> _PROBLEM DETAILS_:
Although the listing below holds pictures, reproduce only its lines from the one containing "Выберите алмазный гибкий" through the last, exactly and without them.

> _SUPPLIED INFORMATION_:
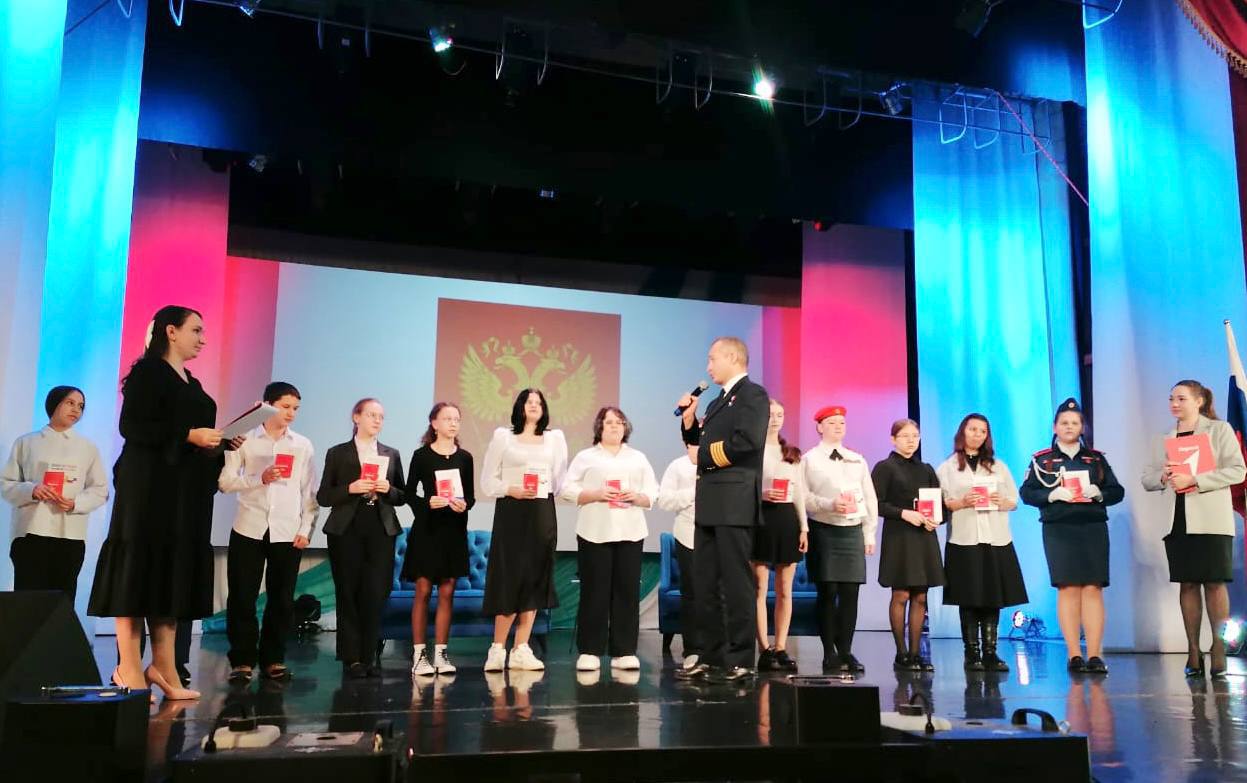 Член Общественной палаты Свердловской области, Герой Российской Федерации, командир воздушного судна авиакомпании «Уральские авиалинии» Дамир Юсупов в Верхнем Тагиле вручил паспорта 14-летним подросткам - активистам «Движения первых».
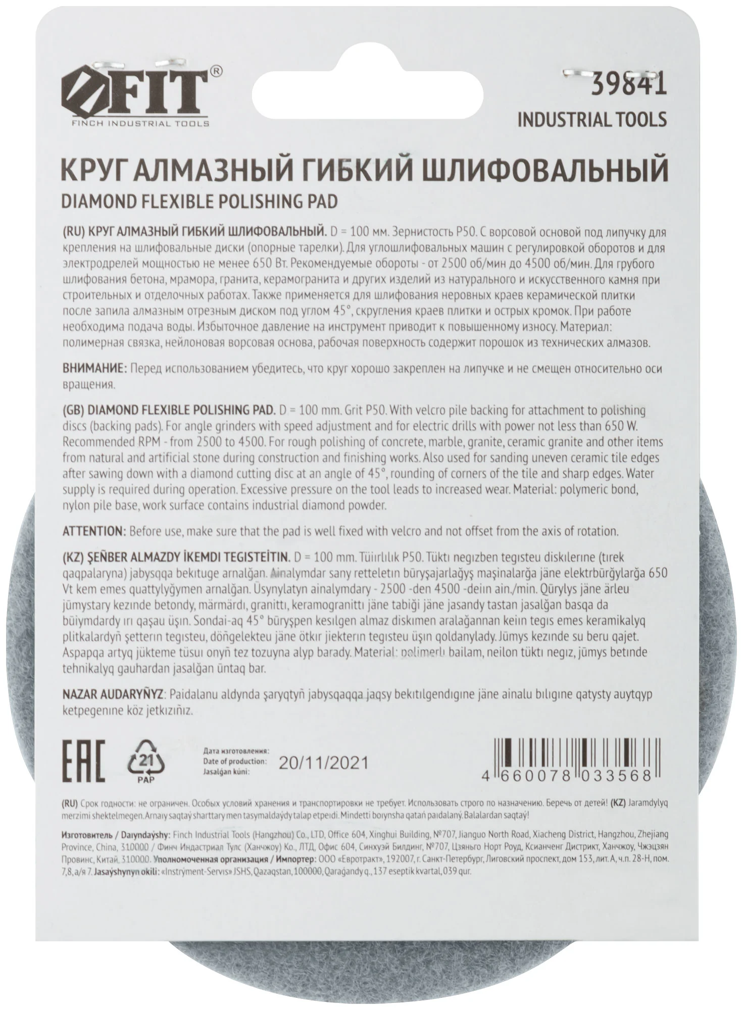 Выберите алмазный гибкий шлифовальный круг 39841 от FIT, чтобы обеспечить качественное и долговечное шлифование на вашем объекте.
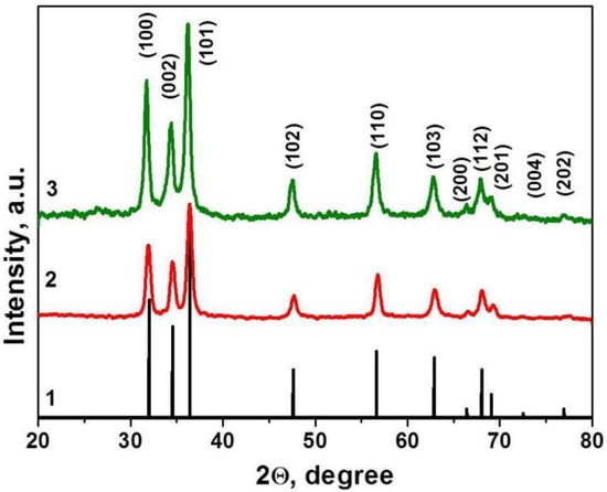 XRD patterns of ZnO–SnO2 (ZTO) films. ZnO phase (curve 1), Crystallography Open Database (COD) ID 2300113, and material 1 (curve 2), 2 (curve 3).
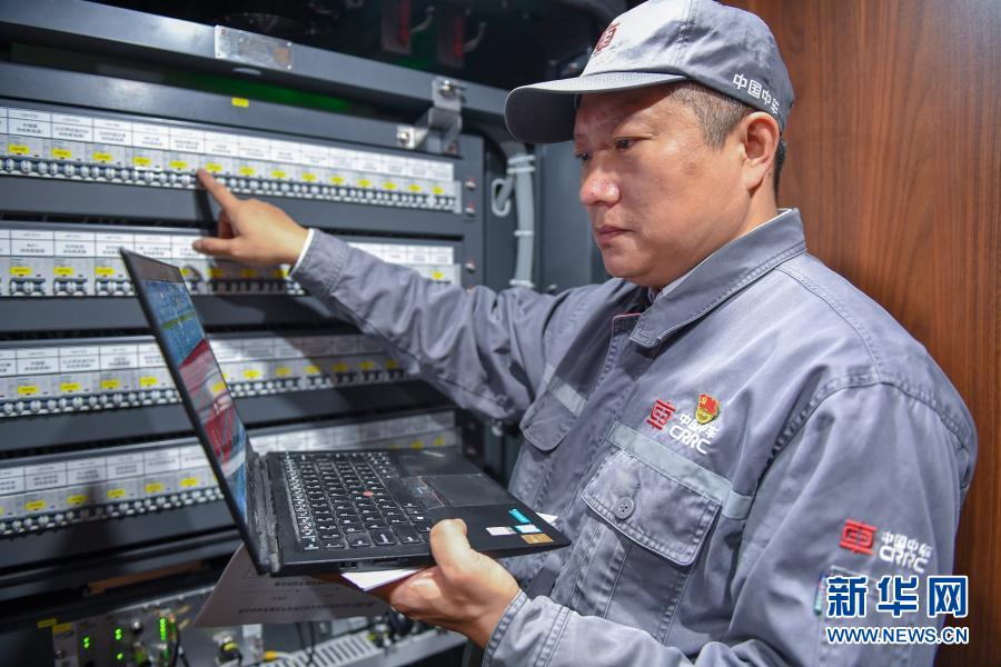 11月25日,在中車長春軌道客車股份有限公司高速動車組制造中心調試車間,羅昭強檢查復興號高鐵列車裝置的工作情況。新華社記者 張楠 攝

> _ANSWER TO THE EXERCISE_:
 Выберите алмазный гибкий шлифовальный круг 39841 от FIT, чтобы обеспечить качественное и долговечное шлифование на вашем объекте.
 XRD patterns of ZnO–SnO2 (ZTO) films. ZnO phase (curve 1), Crystallography Open Database (COD) ID 2300113, and material 1 (curve 2), 2 (curve 3).
 11月25日,在中車長春軌道客車股份有限公司高速動車組制造中心調試車間,羅昭強檢查復興號高鐵列車裝置的工作情況。新華社記者 張楠 攝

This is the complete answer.